Consumer portal

Upbound offers the browser-based Consumer portal tool that lets you manage resources on your control planes through a graphical interface. Use the Consumer Portal to manage your resources if you prefer using a user-interface through the browser.

As an alternative, you can use Kubernetes-compatible RESTful API offered by each control plane.

Consumer portal features

The Consumer Portal provides:

  • Access to all your control planes on Upbound
  • A dashboard showing recent created composite resource claims (XRCs) for a selected control plane
  • Easy access to all composite resource claim APIs on your control plane

The Consumer portal shows composite resource claim types only. If a composite resource isn’t claimable, it isn’t selectable in the Consumer portal. When a user selects from available composite resource claim types, the portal shows a list view of all claims associated with that type.

Upbound Consumer portal list view

The Consumer portal offers a dynamic create form-based experience for each composite resource claim type. The form experience is dynamically created based on the schema of the composite resource’s definition (XRD).
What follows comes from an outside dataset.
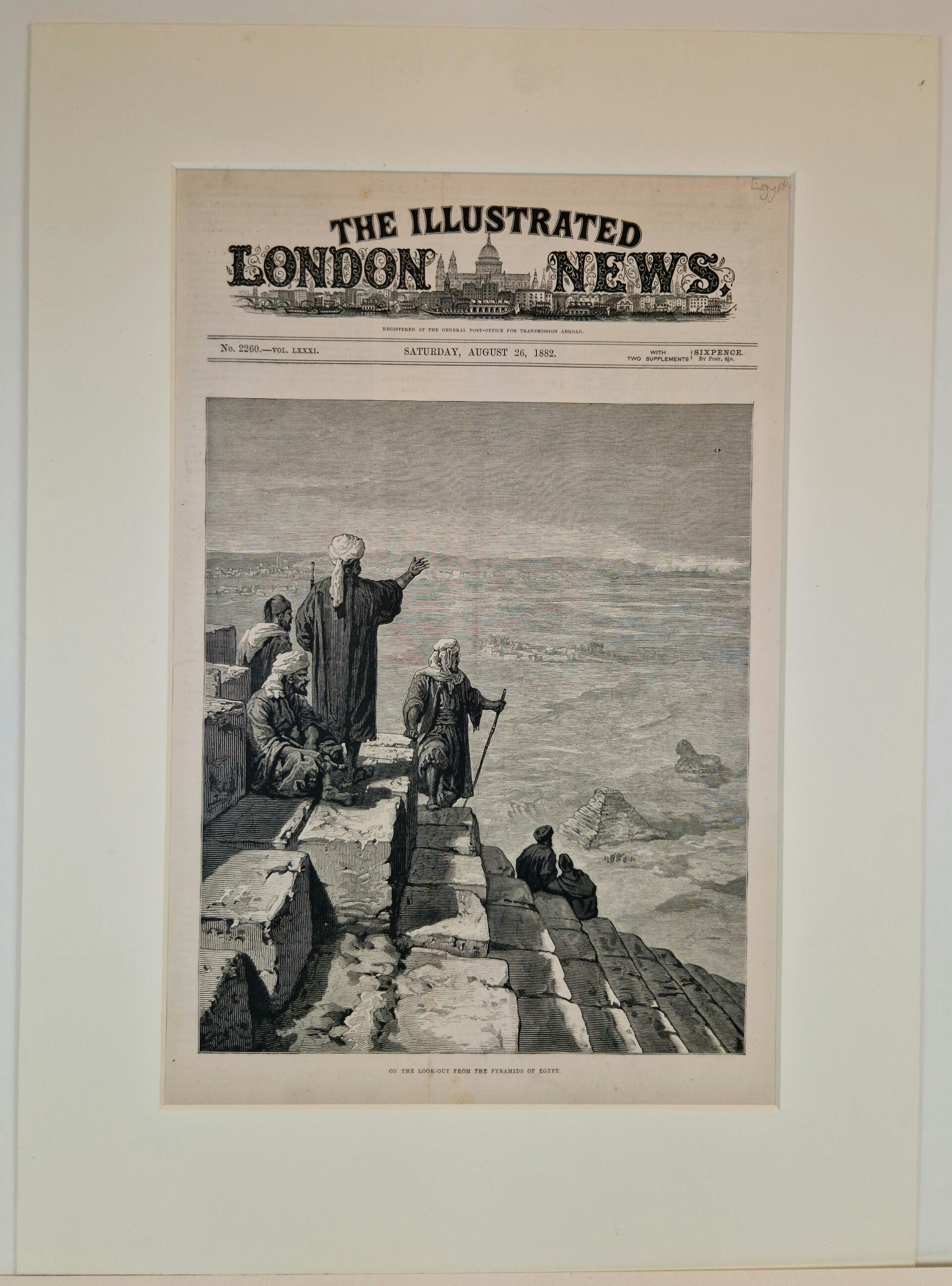 On the lookout from the piramids of Egypt is een prachtige prent. In die tijd werden lunches geserveerd boven op de piramide waar de rijken naar toe klommen om van het prachtige uitzicht te genieten. Het was een vreselijke klim want sommige stenen zijn 2 meter hoog.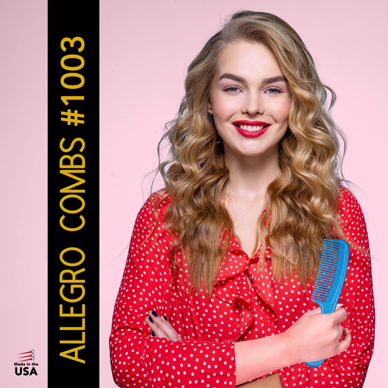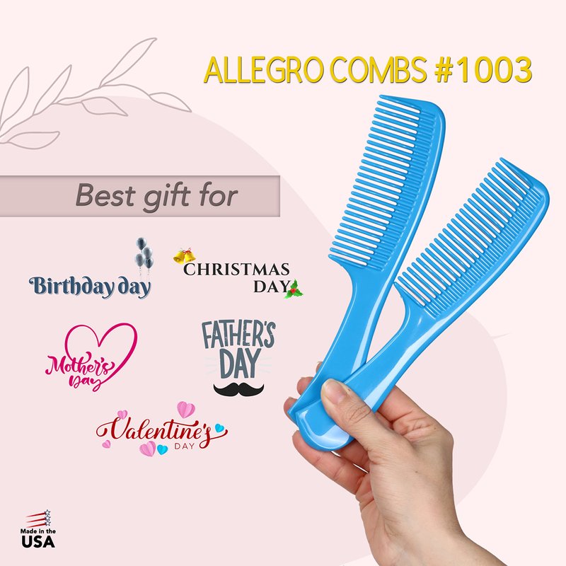 - Made in the USA for multiple applications: Allegro Combs #1003 tangle tamer with handle great wide tooth comb for curly hair for wet or dry hair, thick hair, curly hair, children's hair. The detangle combs with standout colors works great for all hair types, handle for better gripping nicely in shower curly hair detangler.

Upbound Consumer portal crud

Generate Kubernetes object manifests

When you create a resource using the Consumer portal, Upbound shows the Kubernetes object YAML request that’s used to create this resource. You can use the portal form as a way to:

  • view a sample YAML-based object request
  • build your own YAML object request using a graphical interface
  • copy the YAML request and use it in GitOps pipelines

Design an XRD for the Consumer portal

To explain how the Consumer portal form dynamically renders, consider a composite resource claim with a shape like below:

apiVersion: platform.acme.co/v1alpha1
kind: Cluster
metadata:
  name: my-cluster
  namespace: default
spec:
  parameters:
    initialNodeCount: 1
    location: eu-west-1
    networkRef:
      name: network-ref-team1
    project: my-project

Resource basics

Composite resource claims are namespace-scoped objects. Every composite resource claims requires a name (.metadata.name) and namespace (.metadata.namespace). The form presents these fields in the first step of the form under a section titled Resource basics.

Dynamic form steps

The form experience uses .spec.parameters as a reserved field to dynamically generate the remaining steps in the form. Basic types defined under .spec.parameters are generated in the form under a section titled General. The fields initialNodeCount, location, and project are examples of this.
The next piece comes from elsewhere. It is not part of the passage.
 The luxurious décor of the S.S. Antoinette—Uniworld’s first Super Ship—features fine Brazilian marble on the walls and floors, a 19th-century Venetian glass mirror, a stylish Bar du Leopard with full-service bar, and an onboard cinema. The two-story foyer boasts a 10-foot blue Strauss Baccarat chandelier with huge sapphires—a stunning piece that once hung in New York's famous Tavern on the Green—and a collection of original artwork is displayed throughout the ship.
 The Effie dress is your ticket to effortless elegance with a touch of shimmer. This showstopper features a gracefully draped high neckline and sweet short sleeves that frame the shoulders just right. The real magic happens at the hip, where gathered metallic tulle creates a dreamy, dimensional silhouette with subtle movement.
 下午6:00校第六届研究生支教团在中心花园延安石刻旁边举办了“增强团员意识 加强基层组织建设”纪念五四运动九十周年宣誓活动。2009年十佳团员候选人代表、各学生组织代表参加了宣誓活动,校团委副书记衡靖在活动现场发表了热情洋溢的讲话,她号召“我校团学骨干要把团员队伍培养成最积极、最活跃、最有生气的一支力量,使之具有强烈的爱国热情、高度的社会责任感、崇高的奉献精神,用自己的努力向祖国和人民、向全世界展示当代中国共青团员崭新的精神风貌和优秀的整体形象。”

Object types defined under .spec.parameters cause new steps to be generated under their own section titled the same as the object type name. The field networkRef is an example of this.
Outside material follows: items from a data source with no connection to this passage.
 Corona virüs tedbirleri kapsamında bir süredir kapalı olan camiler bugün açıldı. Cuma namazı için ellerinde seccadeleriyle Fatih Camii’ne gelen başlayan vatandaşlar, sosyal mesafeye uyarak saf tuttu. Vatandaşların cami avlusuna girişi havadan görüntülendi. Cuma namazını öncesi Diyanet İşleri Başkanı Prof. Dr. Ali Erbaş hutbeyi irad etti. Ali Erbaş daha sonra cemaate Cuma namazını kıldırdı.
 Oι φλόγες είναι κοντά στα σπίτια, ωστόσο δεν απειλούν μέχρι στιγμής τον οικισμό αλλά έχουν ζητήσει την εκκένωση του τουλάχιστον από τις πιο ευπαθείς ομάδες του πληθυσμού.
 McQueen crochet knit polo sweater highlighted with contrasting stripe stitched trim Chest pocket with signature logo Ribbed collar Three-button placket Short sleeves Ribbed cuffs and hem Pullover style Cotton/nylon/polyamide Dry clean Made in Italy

The Consumer portal form only creates new steps for immediate objects under .spec.parameters. Nested object types are rendered as sub-sections in a step under the parent object.

Important
The Consumer portal form experience uses .spec.parameters as a reserved field to dynamically generate the form. Upbound recommends not using this field for any purpose other than grouping your desired user-facing inputs.

Advanced

Crossplane appends a set of built-in fields onto a composite resource claim. These fields are:

  • compositeDeletePolicy
  • compositionRef
  • compositionRevisionRef
  • compositionRevisionSelector
  • compositionSelector
  • publishConnectionDetailsTo
  • resourceRef
  • writeConnectionSecretToRef

These fields are advanced fields that aren’t used often by most users. These fields are grouped in the final step of the form under a section titled Advanced.

Tip
If your composite resource definition doesn’t use .spec.parameters to group user-facing inputs, the fields are collected and rendered in the Advanced section.